- _To do_:
Type out the listing below exactly. Pictures stay out of it.

- _Data section_:
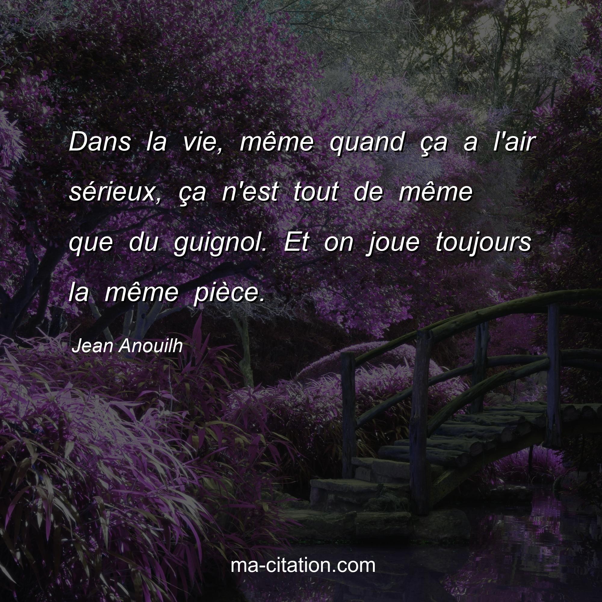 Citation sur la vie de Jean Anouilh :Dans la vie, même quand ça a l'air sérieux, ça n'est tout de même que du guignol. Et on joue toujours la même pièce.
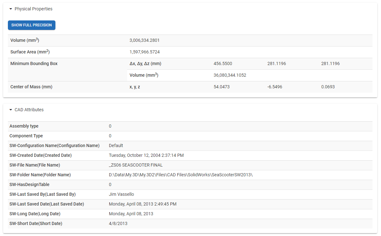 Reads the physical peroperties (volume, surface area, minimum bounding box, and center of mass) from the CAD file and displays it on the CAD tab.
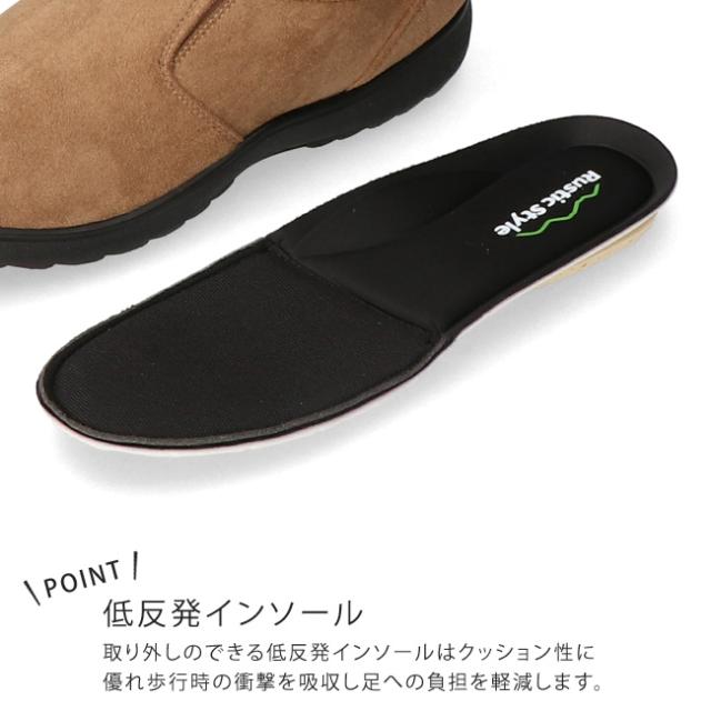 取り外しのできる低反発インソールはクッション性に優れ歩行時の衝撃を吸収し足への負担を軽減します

- _Answer space_:
 Citation sur la vie de Jean Anouilh :Dans la vie, même quand ça a l'air sérieux, ça n'est tout de même que du guignol. Et on joue toujours la même pièce.
 Reads the physical peroperties (volume, surface area, minimum bounding box, and center of mass) from the CAD file and displays it on the CAD tab.
 取り外しのできる低反発インソールはクッション性に優れ歩行時の衝撃を吸収し足への負担を軽減します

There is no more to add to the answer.